Dharshana berharap Na Tree ini menyimbolisasikan hubungan baik dan persahabatan jangka panjang antara masyarakat Indonesia dan Sri Lanka, serta memperluas dan memperdalam hubungan antara Kebun Raya Peradeniya dan Kebun Raya Bogor.

Menurutnya, bibit Na Tree sendiri sengaja disiapkan khusus untuk acara kali ini oleh Kebun Raya Peradeniya. Kebun raya tersebut sudah berdiri sejak ratusan tahun dan dikembangkan oleh pemerintahan Inggris yang dilanjutkan oleh pemerintahan Sri Lanka.

Sementara terkait hubungan bilateral antara Indonesia dan Sri Lanka, Deputi Bidang Ilmu Pengetahuan Hayati LIPI, Prof. Dr. Enny Sudarmonowati, mengingatkan keinginan Presiden Republik Indonesia Joko Widodo (Jokowi) untuk meningkatkan kerja sama kedua negara.

"Kunjungan bilateral Presiden Joko Widodo ke Colombo, Sri Lanka pada Januari 2018 lalu membawa pesan agar kedua negara membangun kesepakatan kerja sama dalam berbagai bidang, seperti ekonomi dan perdagangan, pendidikan, dan penanganan bencana. Tak hanya itu, kerja sama kedua negara ini juga bisa dalam bidang perkebunrayaan," ujarnya.

Khusus untuk perkebunrayaan, Enny mengatakan, kerja sama bisa menyasar berbagai hal. Kemudian, kerja sama juga dalam bentuk dukungan kepada Kebun Raya Bogor yang sekarang sedang berjuang untuk mendapatkan pengakuan sebagai Situs Warisan Dunia dari UNESCO.

"Kami sangat mengharapkan dukungan dari Sri Lanka khususnya RBG Peradeniya bagi Kebun Raya Bogor untuk mendapatkan predikat UNESCO World Heritage Site," katanya.

Sebagai informasi, pohon nasional Sri Lanka yang ditanam di Kebun Raya Bogor, memiliki nilai spesial bagi masyarakat Sri Langka. Hal itu erat hubungannya dengan masyarakat Sri Langka pada beberapa abad sebelumnya yang banyak memanfaatkannya sebagai tanaman obat kuno Aryuveda, kayu bangunan pada kuil kuno, dan jembatan.

Bunganya menjadi salah satu bagian dari sesembahan pada ritual religi dan menghiasi taman nasional dengan keindahan pohon dan bunganya.

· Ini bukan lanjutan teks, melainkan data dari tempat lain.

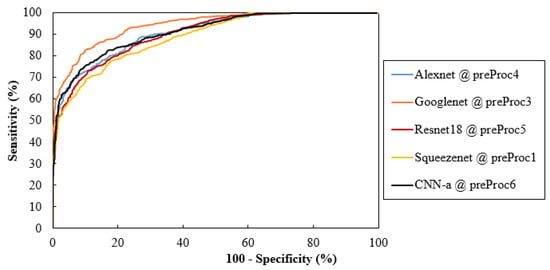 Comparisons of ROC curves for the CNNs and training data with the best AUC values; preProc—preProcessing.

Pohon ini menjadi tanaman langka di Sri Langka dan dinyatakan sebagai Pohon Nasional Sri Langka pada tahun 1986.

Di Indonesia sendiri, khususnya di Jawa, pohon ini banyak manfaatnya baik kayunya maupun buah dan bunganya, dan sebagian etnis meyakininya sebagai pohon penolak bala.